Registration and Inspection of Septic Tanks

The Government has set out its proposals for the registration and inspection of septic tanks including a reduced inspection fee for the first three months of the new regime. “To act as an incentive for owners to register early, I have decided to set the registration fee at €5 instead of the proposed €50 for the first three months,” explains the Minister for the Environment, Community & Local Government Phil Hogan TD. “I would encourage people to register before the 30th June 2012 and avail of the lower fee.” The deadline for registration is March 2013.

The Minister continues: “This legislation has been deliberately framed to minimise the impact on householders who can be assured that if their systems are working properly and are being maintained the impact of the new system will be minor. We are adopting a very practical approach to the inspection guidelines. Once my Department’s consultation with the EPA and the European Commission has been completed, I will formally announce the guidelines in two weeks which will be followed by a four week public consultation period.”

Practical operational requirements that will be included in the new guidelines include:

* Ensuring that roof water or surface water run-off is not allowed enter the treatment system;

* That grey-water from washing machines and sinks is being treated in the system;

* The pipe-works and vents of a system should not be blocked or obstructed;

* Manhole covers and other components of the system should be of good working order or sealed where appropriate;

* Any mechanical or electrical components of the system, for example pumps or alarms, should be fit for purpose;

* Recommendations will be included regarding the frequencies with which systems should be emptied or de-sludged.

The risk-based system of inspections will commence in 2013 and will be objective and evidence-based, i.e. unless there is evidence of endangerment of human health or the environment, the system in place will pass inspection.  There is no question of applying the EPA’s 2009 Code of Practice to older on-site systems.

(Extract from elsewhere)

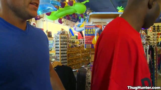 I got a call from a thug who was down on his luck. I told my boy Trace and we hopped in the car and scooped him up. Gotta capitalize on a Thug that needs money, because then you get'em in the palm of your hand. And Antwone was our latest victim. We took him to one of those local souvenir shops over at the Beach and found a secluded spot in the back to get nasty. Antwone sucks dick like a pro. Trace sure had a good time pounding his head into that clothes rack and pounding that ass in the couch..that is until the store clerk caught us ..oops!

The Water Services (Amendment) Act 2012 has now been signed into law. This Legislation has been introduced for three reasons:

1 Non-compliance with EU legislation: On 29 October 2009, the European Court of Justice ruled against Ireland in relation to the treatment of waste waters from septic tanks and other on-site wastewater treatment systems. The enactment of this legislation is a critical element in Ireland’s defence against the imposition of hefty fines by the Court.

2 Protect ground water in rural Ireland: The key objective of the new legislation is to enhance and protect public health and the environment which will, in turn, benefit rural dwellers in terms of a better quality of life and better quality water. Responsibility for protection of public health and the environment applies to everyone, whether living in urban or rural areas. Environmental and health issues must be dealt with as circumstances dictate and where risks exist.

3 Protect jobs: The provision of a continuous supply of clean water is a fundamental requirement for the economy. High quality water and security of supply is vital to attract foreign direct investment, high-end employment, and meet the needs and demands of our existing businesses and communities.”

“No-one should have any difficulty with these common-sense requirements, after all, if a septic tank is leaking or causing waste water to pond on the surface, the most immediate risk is posed to the health of the owner of the system and of his family and neighbours,” says Minister Hogan.